*Your objective*: Leaving pictures aside, set down each line exactly, from the first line of the data to the line with "根据工作需要,宿州市人力资源", both included.

*Dataset excerpt*:
BEGIN
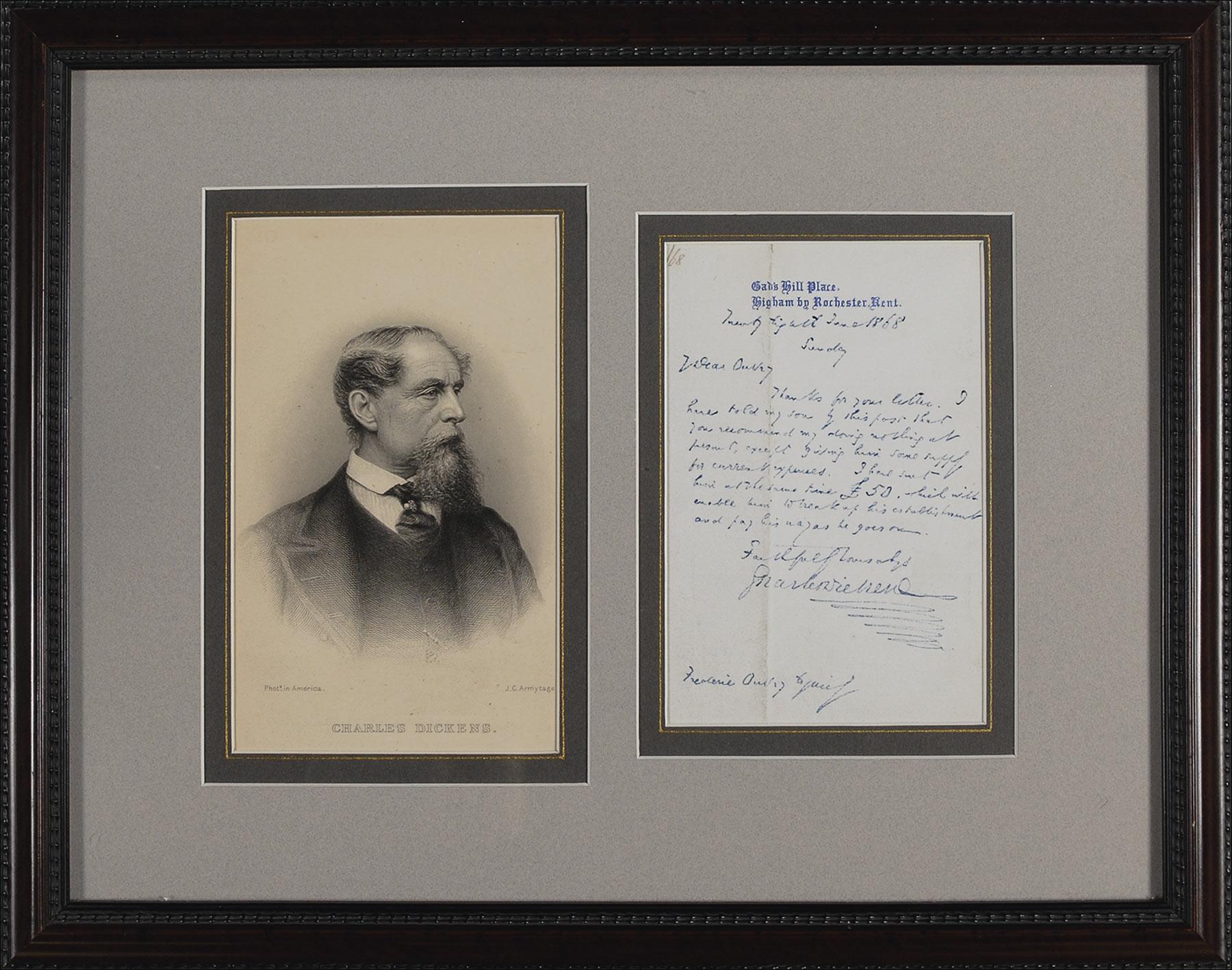 ALS, one page, 4.25 x 6.5, Gad’s Hill Place letterhead, June 28, 1868. Letter to his lawyer. In full: “Thanks for your letter. I have told my son by this post that you recommend my doing nothing at present, except giving him some supply for current expenses. I had sent him at the same time £50 which will enable him to break up his establishment and pay his way as he goes on.” Double matted and framed with an engraved portrait of Dickens, to an overall size of 16.75 x 13.25. Intersecting folds (heavier vertical fold through single letter of signature), a bit of trivial soiling along the same fold, and small ink notation to top left corner, otherwise fine condition.
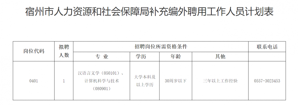 根据工作需要,宿州市人力资源和社会保障局面向社会补充招聘编外聘用工作人员,现就有关事项公告如下:
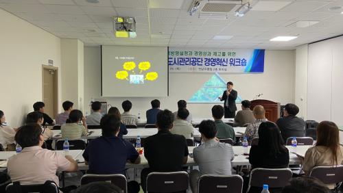°ø´Ü °æ¿µÁø°ú ÆÀÀå, °æ¿µÆò°¡ ÁöÇ¥´ã´çÀÚ µî 30¿©¸íÀÌ Âü¼®ÇÑ ¿öÅ©¼ó¿¡¼´Â ¿ÜºÎÀü¹®°¡ ±³À°°ú ÇÔ²² °æ¿µ¼º°ú Çâ»ó ¹æ¾È¿¡ ´ëÇÑ ÅäÀǸ¦ ÁøÇàÇß´Ù.
END
*Result of the exercise*:
 ALS, one page, 4.25 x 6.5, Gad’s Hill Place letterhead, June 28, 1868. Letter to his lawyer. In full: “Thanks for your letter. I have told my son by this post that you recommend my doing nothing at present, except giving him some supply for current expenses. I had sent him at the same time £50 which will enable him to break up his establishment and pay his way as he goes on.” Double matted and framed with an engraved portrait of Dickens, to an overall size of 16.75 x 13.25. Intersecting folds (heavier vertical fold through single letter of signature), a bit of trivial soiling along the same fold, and small ink notation to top left corner, otherwise fine condition.
 根据工作需要,宿州市人力资源和社会保障局面向社会补充招聘编外聘用工作人员,现就有关事项公告如下:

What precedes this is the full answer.